I'm going to sleep now so these questions are solved. There's no need to answer anymore...

\(\displaystyle 2x^{2}+2x-2\neq2(x+2)(x-1)\).

i think that it is just showing you how to do the problem if it isnt im sorry i have no idea how to read japanese

Number 9b)

9(c)    .....in pieces...... evaluating the continued fraction from from bottom to top ......

First part  :    2  −  [x −1]  / x     =   [ 2x  −  (x  − 1)  ] / x   =  [ x + 1 ]  / x

1 /  ( [ x + 1]  / x )   =   x / [x + 1]

Second part :   1 +   x / [x + 1]   =   [ x + 1   + x ]  / [ x + 1]  =   [2x + 1]  / [x + 1]

Last  part  :      1  / ( [2x + 1]  / [x + 1] )   =

[x + 1] / [2x + 1]          [final answer ]

9(d) is very tricky......

x - 2 + 1/x is exactly in the form of a² - 2ab + b² , Therefore we can factor it as (a-b)² .

x - 2 + 1/x = \((\sqrt x - \dfrac{1}{\sqrt x})^2\)

x - 1/x is exactly in the form of a² - b²  . Therefore we can factor it as (a+b)(a-b)

x - 1/x = \((\sqrt x - \dfrac{1}{\sqrt x})(\sqrt x + \dfrac{1}{\sqrt x})\)

The original fraction became:

\(\dfrac{(\sqrt x - \frac{1}{\sqrt x})(\sqrt x - \frac{1}{\sqrt x})}{(\sqrt x + \frac{1}{\sqrt x})(\sqrt x - \frac{1}{\sqrt x})}\)

Did you see any same parts on the denominator and the numerator?

The hardest part is already solved by me.

And don't forget to multiply both the denominator and the numerator by \(\sqrt x\) because we don't want \(\dfrac{1}{\sqrt x}\) to appear in a fraction.

Final answer: \(\dfrac{x-1}{x+1}\)

Try to figure out why.

这个论坛终于有懂中文的人了 :D

我一直不知道马来西亚用简体。 香港是用繁体的， 不过不要紧， 我能看得懂简体中文。 

9 (e) is an easy one though but I will do it too.

\(\dfrac{x}{x-3}-\dfrac{7}{x+2}=\dfrac{x^2+17}{x^2-x-6}\)

x^2 + 17 and x^2 -x - 6 does not have common factors.
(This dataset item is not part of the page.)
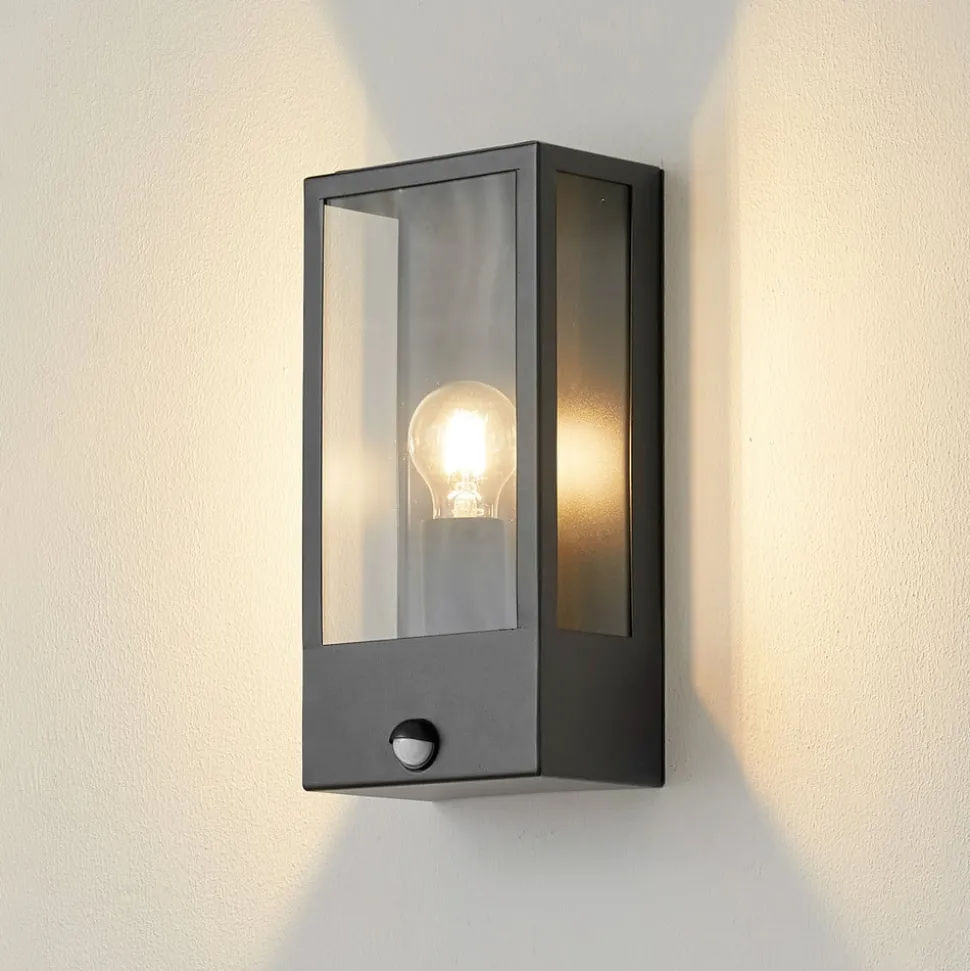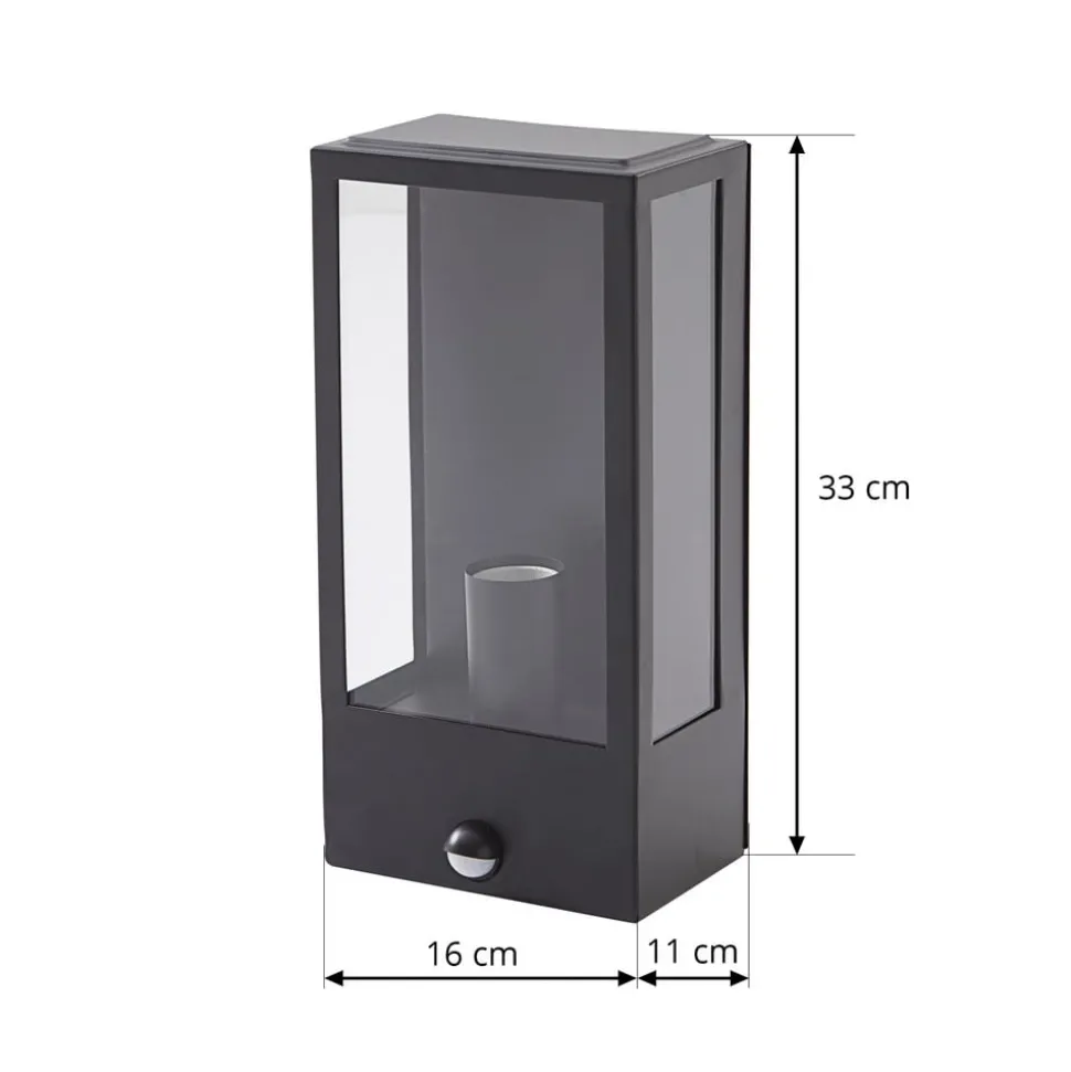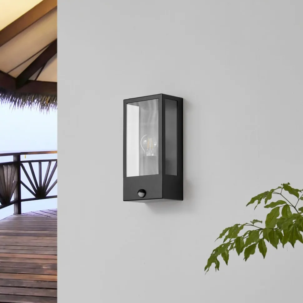 Lindby buitenwandlamp Ilana, zwart, sensor, IP44, E27

So we start with making the left hand side have common denominator:

\(\dfrac{x(x+2)-7(x-3)}{(x-3)(x+2)}=\dfrac{x^2+17}{x^2 -x - 6}\)

And (x-3)(x+2) is magically x^2 - x - 6!!

\(x^2 + 2x - 7x +21 = x^2 + 17\)

And the 2 sides both magically only have same number of x^2 so that you don't need to do quadratic equation!!

\(-5x = 17 -21\)

All up to here it became very easy...... You will solve it from here. ;)

I am the smartest cookie in the world :D

Note something else on 9(d), Max.....multipling top/ bottom by x, we have

[x^2 − 2x + 1 ]  / [ x^2  − 1]  =

[ ( x − 1 ) (x  −  1)  ]  / [ (x + 1) ( x −  1) ] =

[x − 1 ] / [ x + 1]

10(a) needs to deal with ranges.......

\(\dfrac{x+3}{3}>\dfrac{x-1}{5}+\dfrac{2}{3}\\ 15 \cdot \dfrac{x+3}{3}>15\cdot\dfrac{x-1}{5}+15\cdot\dfrac{2}{3}\\ 5(x+3)>3(x-1)+10\\ 5x + 15 > 3x - 3 + 10\\ 5x + 15> 3x + 7\\ 5x +8 > 3x\\ x> - 4\)

\(\dfrac{x+1}{3}-\dfrac{x+2}{2}> - \dfrac{1}{6}\\ 6\cdot\dfrac{x+1}{3}-6\cdot\dfrac{x+2}{2}> - 6\cdot\dfrac{1}{6}\\ 2(x+1)-3(x+2)> -1\\ -x -4 > -1\\ x + 4 < 1\\ x < -3\)

x < -3 means -3 > x.

-3 > x and x > -4 means?

x is between what numbers?

something > x > something is the complete answer for this.